Bridge Sampling Diagnostics
Giorgio Micaletto, Aki Vehtari

TL;DR
This paper introduces methods to estimate the Monte Carlo standard error and diagnose the reliability of bridge sampling estimates in Bayesian model selection, improving accuracy and trustworthiness without repeated computations.
Contribution
It presents novel diagnostics and estimation techniques for assessing the reliability of bridge sampling in Bayesian inference, addressing high variability issues.
Findings
MCSE estimation for bridge sampling is feasible and effective.
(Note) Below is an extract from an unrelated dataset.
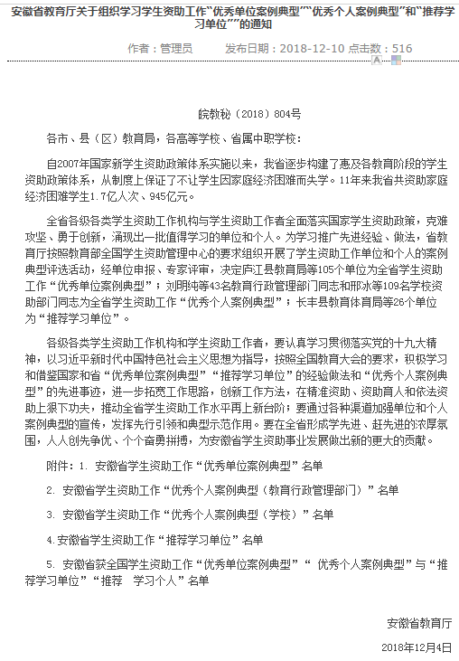 近日,由安徽省教育厅组织评选的全省学生资助工作“优秀单位案例典型”、“优秀个人案例典型”评选结果揭晓,beat365被授予“优秀单位案例典型”荣誉称号,校学生处资助管理中心杨超被授予“优秀个人案例典型”荣誉称号。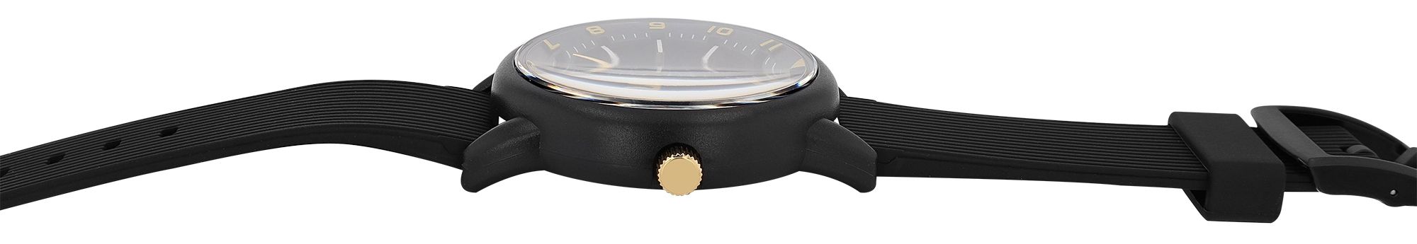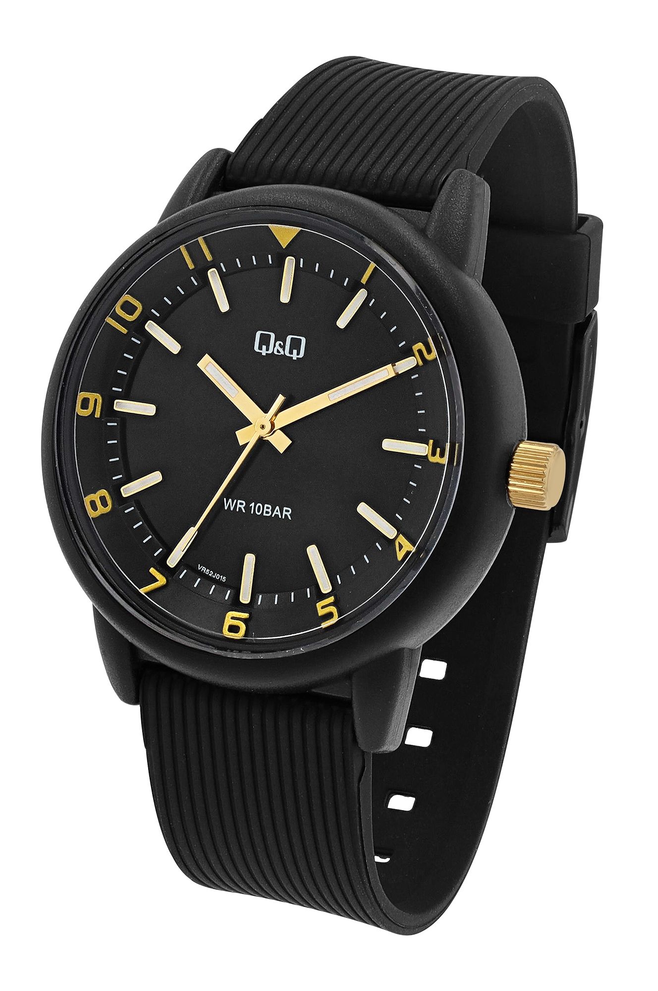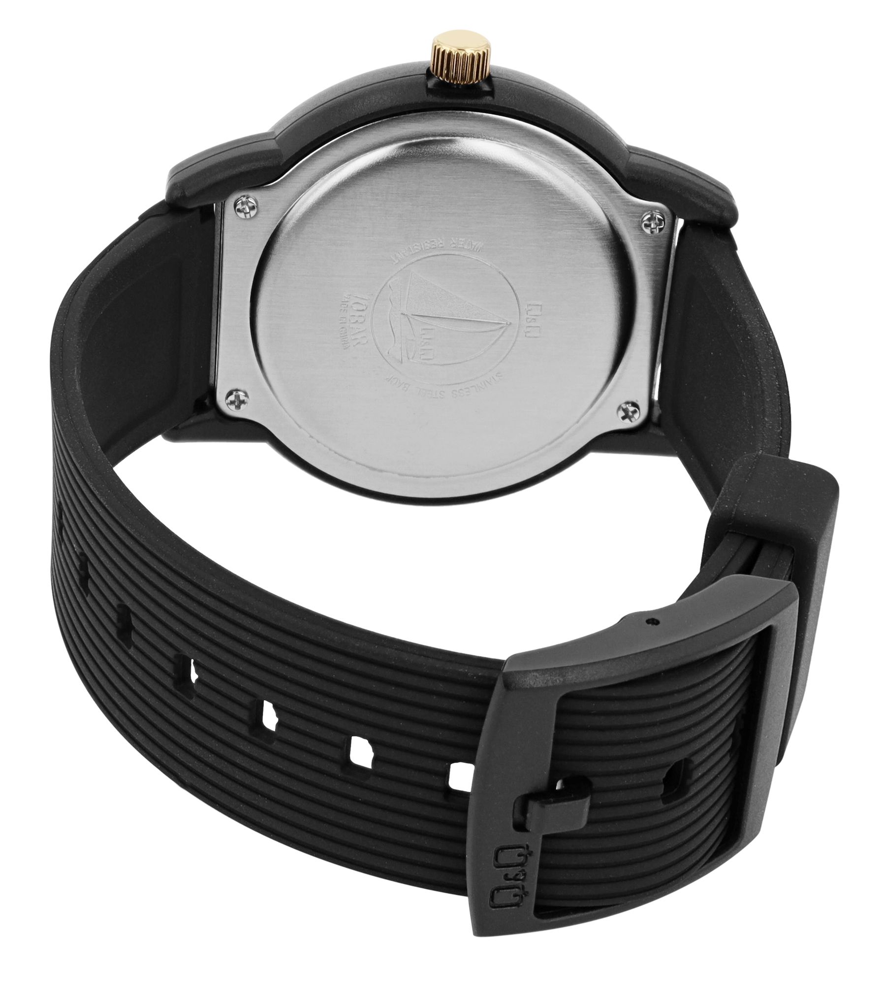 Produktinformationen "Q&Q Herrenuhr, Kunststoff, Silikonarmband, schwarz/goldfarben, 10 ATM, Ø 42 mm"

Pareto-$k$ and block reshuffling diagnostics improve reliability assessment.
Demonstrated on simulated and real posteriors from posteriordb.
Abstract
In Bayesian statistics, the marginal likelihood is used for model selection and averaging, yet it is often challenging to compute accurately for complex models. Approaches such as bridge sampling, while effective, may suffer from issues of high variability of the estimates. We present how to estimate Monte Carlo standard error (MCSE) for bridge sampling, and how to diagnose the reliability of MCSE estimates using Pareto- and block reshuffling diagnostics without the need to repeatedly re-run full posterior inference. We demonstrate the behavior with increasingly more difficult simulated posteriors and many real posteriors from the posteriordb database.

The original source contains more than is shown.